Some also used the opportunity to repeat the narrative that has been shadowed the ICTY since it was established, that is that it is a biased and political court.
The most recent to voice such an opinion was Serbian Prime Minister Ana Brnabic, who said the ICTY is particularly biased against Serbs, because two-thirds of the people it convicted were of Serb ethnicity.
“I met [Brnabic] when I was last month in Belgrade. We had a good discussion on those issues and we agreed to disagree in that regard,” Brammertz said.
“It is a reality that the majority of individuals which have been prosecuted at the Tribunal are from the Serbian ethnicity, but it’s also very much reflecting the reality of the conflict where Serbs have been involved in Croatia, in Kosovo, in Bosnia and Herzegovina. We’re not saying that cases are reflecting statistically the number of crimes which have been committed, but we have prosecuted those that have greatest responsibility and I think it’s very much reflected in our cases,” he added.
Since it was established in 1993 by the UN, the ICTY has indicted 161 people, of whom 90 were sentenced and 19 acquitted.
In the cases against the other 37 people, the proceedings were either terminated or the indictments were withdrawn.
A handful of cases that remain from the ICTY were transferred to the Mechanism for International Criminal Tribunals, which will continue the work of the UN tribunals for Yugoslavia and Rwanda.
One of the cases heard last week was the prosecution’s appeal against the acquittal of Vojislav Seselj, the Serbian nationalist politician who was accused of wartime crimes in Croatia, Bosnia and Herzegovina and Serbia.
Seselj, who is living in Serbia after he was temporarily released by the ICTY for cancer treatment and then refused to go back to The Hague, has consistently mocked the UN court since he returned to Belgrade.

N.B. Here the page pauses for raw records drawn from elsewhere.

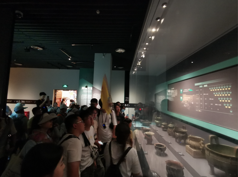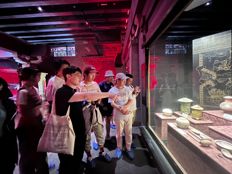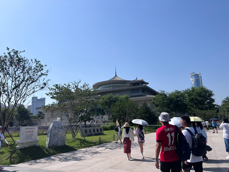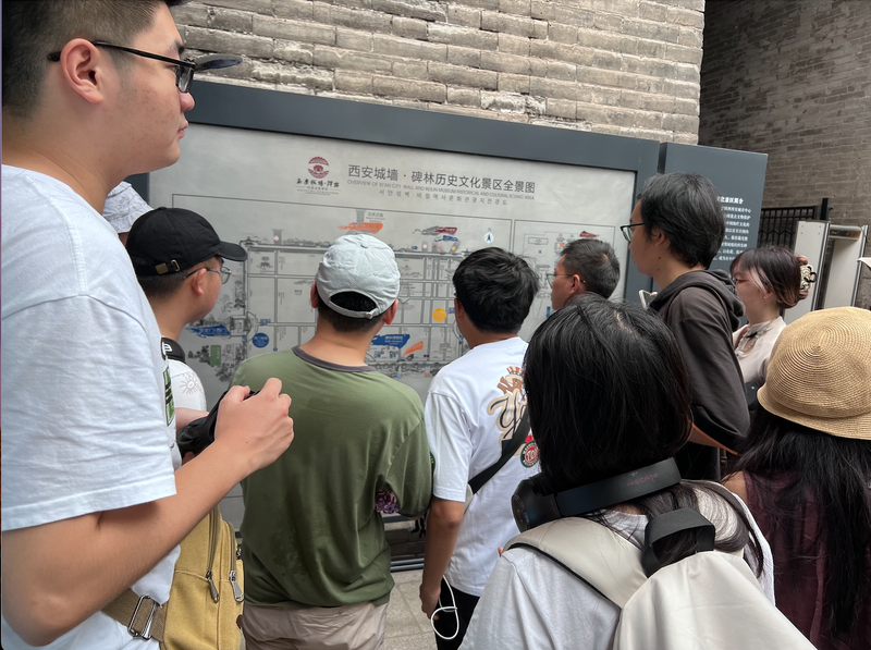 7月9日清晨,师生一行抵达了本次西安考察的第一站——西安博物院。西安博物院的基本陈设以“古都西安”为主题,立足西安三千余年的建城史与一千多年的建都史,以西安本地出土的历代文物为基础,纵向上以时代为序,依次呈现了西安城由西周丰镐,至汉长安城,再到隋唐长安、明清西安的城市发展史,集中反映周秦以来历代都城规模、格局以及唐代以后城市的发展变化情况;横向上又由城市发展延伸到城市生活,以“周秦文明”“汉唐风采”与“府城华章”为视角,从不同侧面生动再现了各繁华时期西安城内帝王将相、市井百姓的生活实态与万千气象。饱含中古祆教风格的史君墓石椁的各种细节,更是给大家留下深刻印象。西安博物院整体上由博物馆主体、荐福寺、小雁塔三部分组成,但因天气炎热加之游人众多,荐福寺与小雁塔都只得惊鸿一瞥,未及细赏,实属遗憾。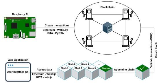 The microcontroller transmits the data to the Raspberry Pi via I2C communication. The data are averaged over a series of 60 samples and the blockchain transaction is created. The anatomy of the transaction depends on the blockchain implementation and will be detailed in the following sections.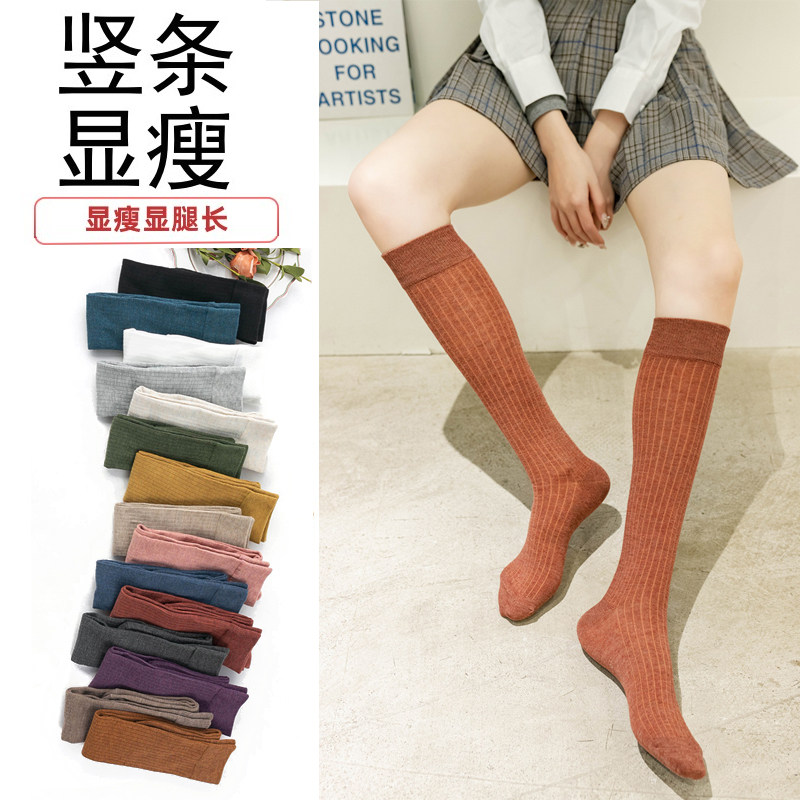 过膝袜子女日系纯棉防滑春秋高筒袜学院风显瘦二杠长筒袜堆堆袜套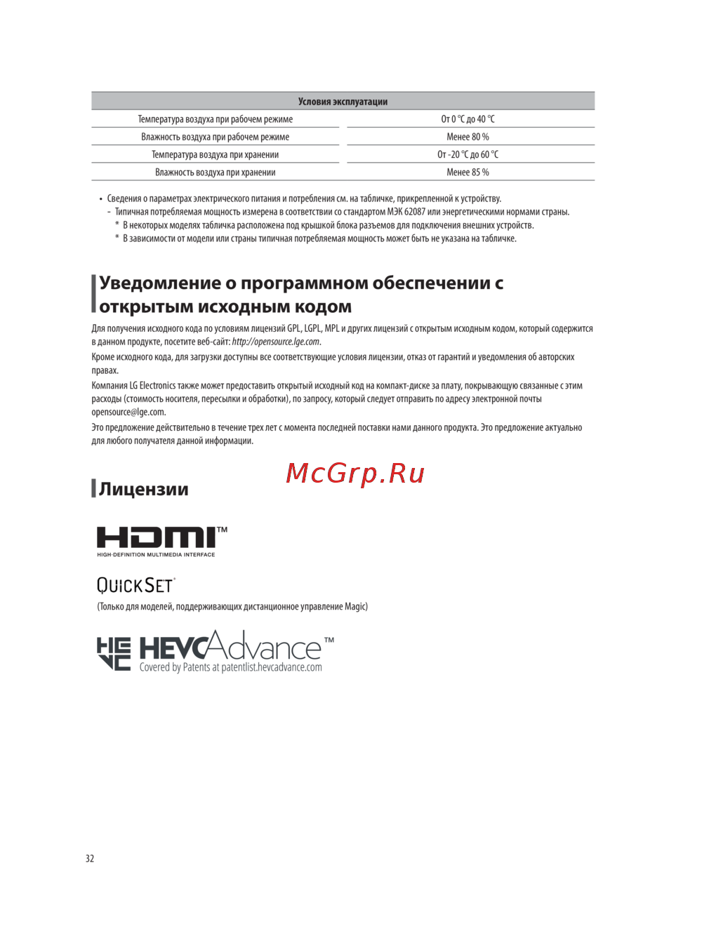 LG 55UP81006LA — условия эксплуатации и требования к устройствам [22/23]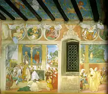 Simple and rustic in its architecture, the chapel's plan is essentially rectangular with a pitched wooden roof supported by exposed beams, along with a small semicircular apse with some modest existing frescoes from before Lotto's time.[3] Lotto's frescoes are spread over three walls above a large plinth. Together they form a complex iconographic programme on redemption and faith as incarnated in the lives of saints Barbara (north side), Brigid (south side), Mary Magdalene and Catherine of Alexandria (back wall), along with Christ's victory over evil as predicted by the prophets and sibyls and guaranteed and confirmed in the lives of the saints.[5] Several figures show peasants and other working class figures, often studied from life and previously unrepresented in Italian painting.[6]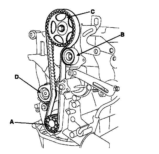 Crankshaft sprocket (A) -> idler pulley (B) -> camshaft sprocket (C) -> timing belt tensioner (D).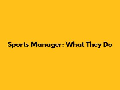 Sports Manager: What They Do
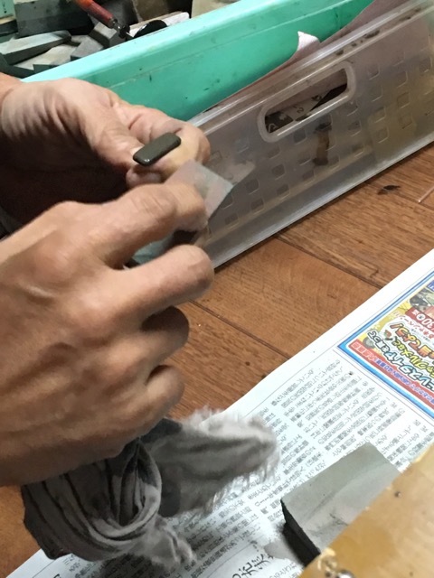 塗を厚く塗るとその分乾くのに時間を要するだけではなく、研ぐのが大変。漆は固まるとコンクリートみたい。また、表面を見て乾いたと早合点して研ぐと、中の漆が乾いてなくて、全体がペロリと剥がれてしまう。これは木工用ボンドと似ています。次の工程のことを考え、薄く凹凸なく素早く塗り込むのがポイントのようです。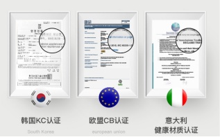 如果是进口品牌就要看是否有国外的相关安全资质,比如说欧盟CB认证、意大利健康材质认证以及韩国KC认证。
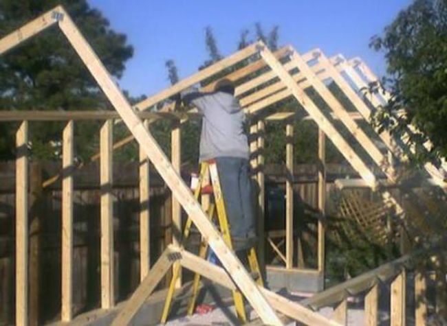타이 빔을 지붕 펠트 위에 설치한 후 타이 래프터를 부착합니다. 지붕 용마루는 타이 빔에 설치합니다. 창문을 통해 물이 스며드는 것을 방지하기 위해 캐노피를 설치합니다.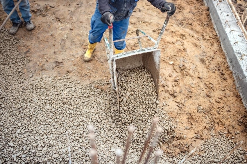 Di samping itu, sambungan pengembangan perlu dibuat. Untuk ini, kepingan EPSP dengan ketebalan 3 cm dipotong.Jahitan diletakkan di seluruh perimeter ruangan, dan juga di sekitar pangkalan yang dimaksudkan untuk memasang oven. Pada tahap yang sama, pendawaian dalaman paip air dan pembetungan dilengkapi. Seterusnya, pasir dan kerikil dituangkan ke lantai, setelah itu bantal dipadatkan. Lapisan konkrit dituangkan di atasnya. Lebih baik menggunakan peraturan untuk meratakan permukaan.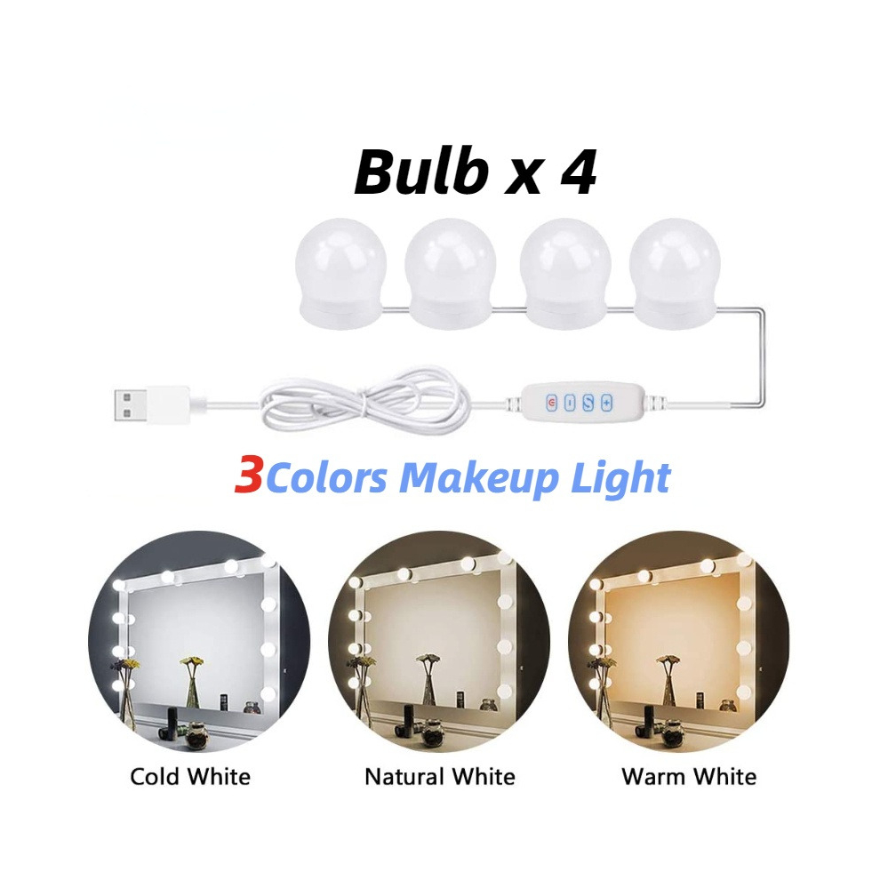 (3 Colors 4 Bulbs, Dimmable) LED Light Makeup Mirror Bulbs Vanity Lights USB 12V Bathroom Dressing Table Lighting Dimmable LED Vanity Light For Mirror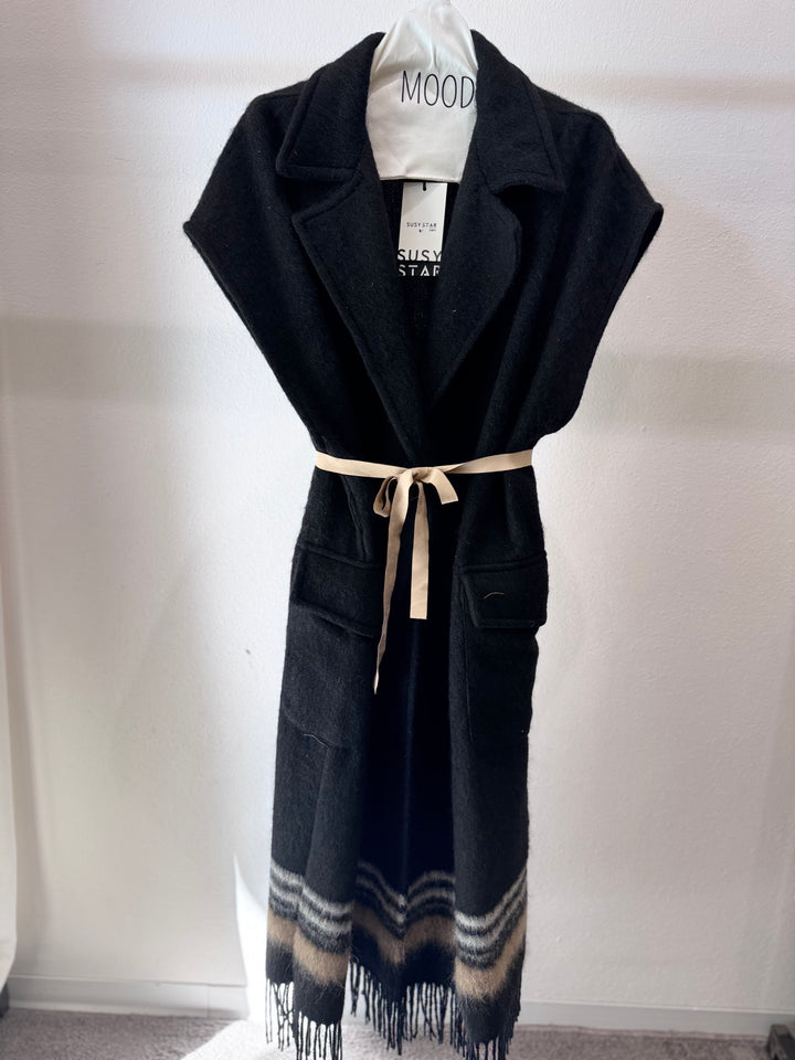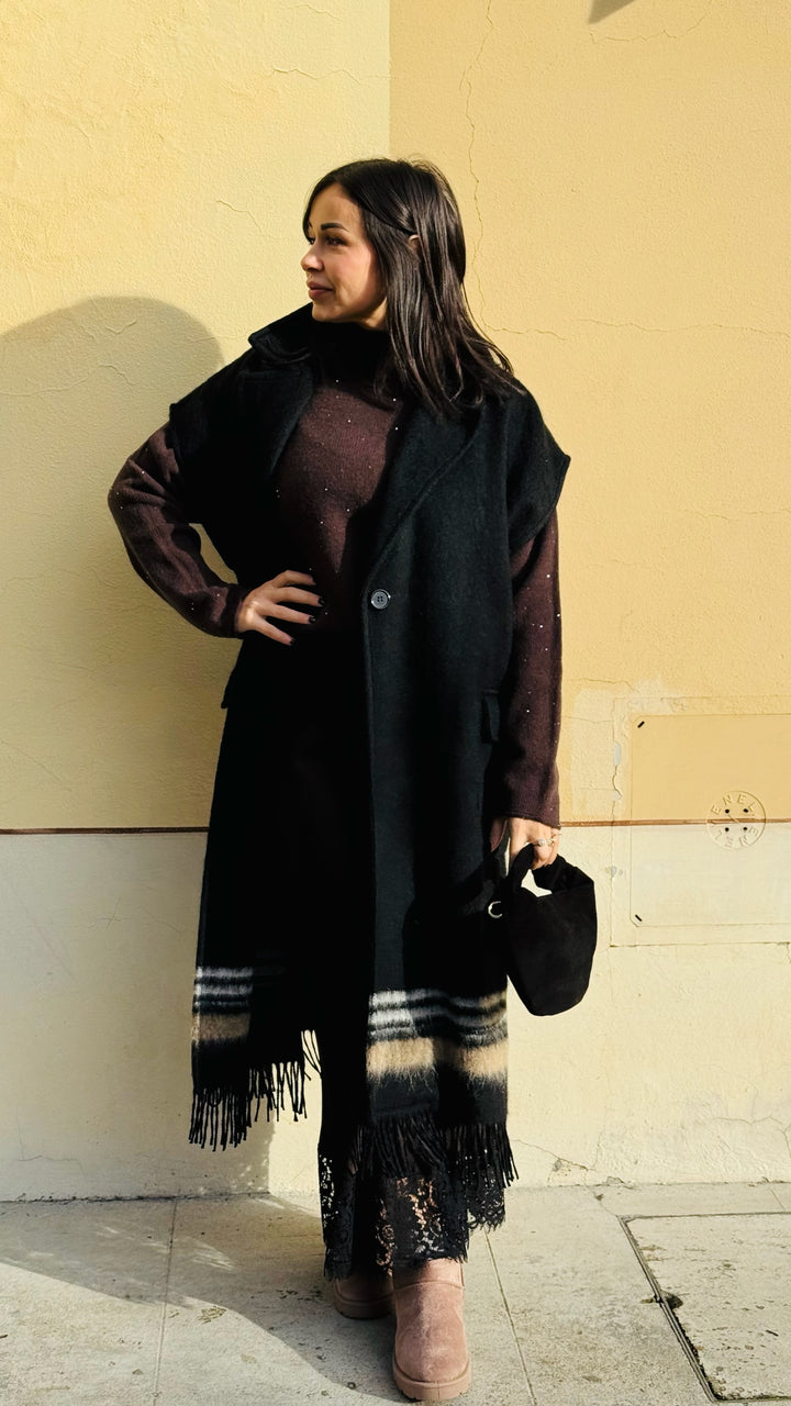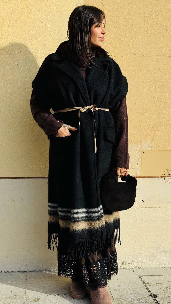 CAPPOTTO IN PANNO SMANICATO CON BANDA SUL FONDO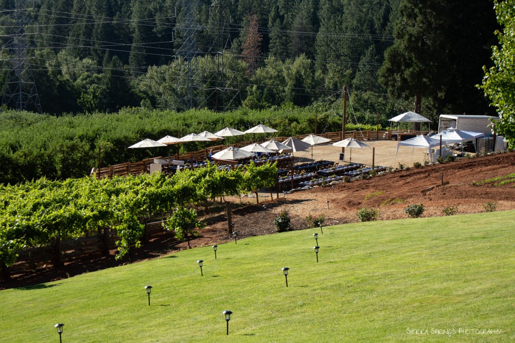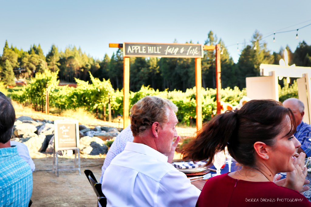 The event was held at Delfino Farm, one of the local Apple Hill Farms, in the middle of vineyards, apple and Christmas trees. It is a beautiful farm that has been a part of Apple Hill for a very long time. I remember taking my children here when they were young and they loved to roll down the beautiful grassy hill. We would bring a picnic lunch and then buy a little dessert to finish off our lunch. Back then, this place was known as “Kids Inc.” The “Kids” are now running the place so they changed the name of the Farm to the family name, Delfino.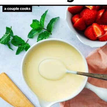 Here’s a creamy dessert sauce every home cook should have in their arsenal: crème anglaise! This French sauce translates to “English cream” and it tastes like pure gold. It’s lusciously creamy, infused with vanilla and just sweet enough for adding a sparkle to treats. Pour it over fresh berries for an instant dessert, or add it to crisps and crumbles, or bread puddings to take them over the top.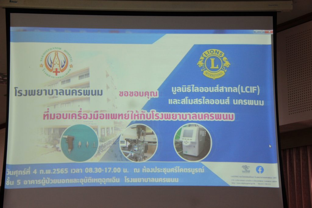 วันที่ 4 กุมภาพันธ์ 2565 นางกาญจนี รุจนเสรี นายกเหล่ากาชาดจังหวัดนครพนม มอบหมายให้ นางวิจิตร ต่อพล รองนายกเหล่ากาชาดจังหวัดนครพนม ร่วมเป็นเกียรติในพิธีมอบเครื่องมือทางการแพทย์มูลค่า 2,763,000 บาท ของมูลนิธิไลออนส์สากล (LCIF) ร่วมกับสโมสรไลออนส์นครพนม มอบให้แก่โรงพยาบาลนครพนม เพื่อใช้ประโยชน์ทางการแพทย์ในการตรวจรักษาและวินิจฉัยโรค

He claimed that he took absolutely no notice of last week’s appeal. “I was asleep at the time,” he insisted.
“We’re used to [Seselj] having reactions which are not necessarily the ones we are expecting,” Brammertz said.
‘Victims still want justice’
Although the ICTY is closing its doors, Brammertz believes that many more victims of the Yugoslav wars are still seeking justice.
He said that the ICTY is not closing because justice has been fully done, but because the UN Security Council decided to shift responsibilities from the Hague court to domestic judiciaries in former Yugoslav states.
Bosnia, Croatia, Serbia and Kosovo have established local specialist chambers dealing with war crimes prosecution, but these offices have been hampered by lack of resources and political influence over the judiciary.
Most of the countries have signed protocols for cooperation and liaison officers who work with the ICTY over the transfer of evidence, but extradition and the exchange of evidence between local prosecutors still remains a challenge.
Given the political climate in the region, Brammertz said he is not sure what will happen with all these domestic cases, but believes that “there’s no alternative”.
“I’m now dealing with the region for the last ten years. I’ve met a lot of courageous and motivated prosecutors and I hope that political support for their work will increase in the future,” he urged.
“If not, there will be a big, big problem. Without accountability, the region will not be able to move forward.”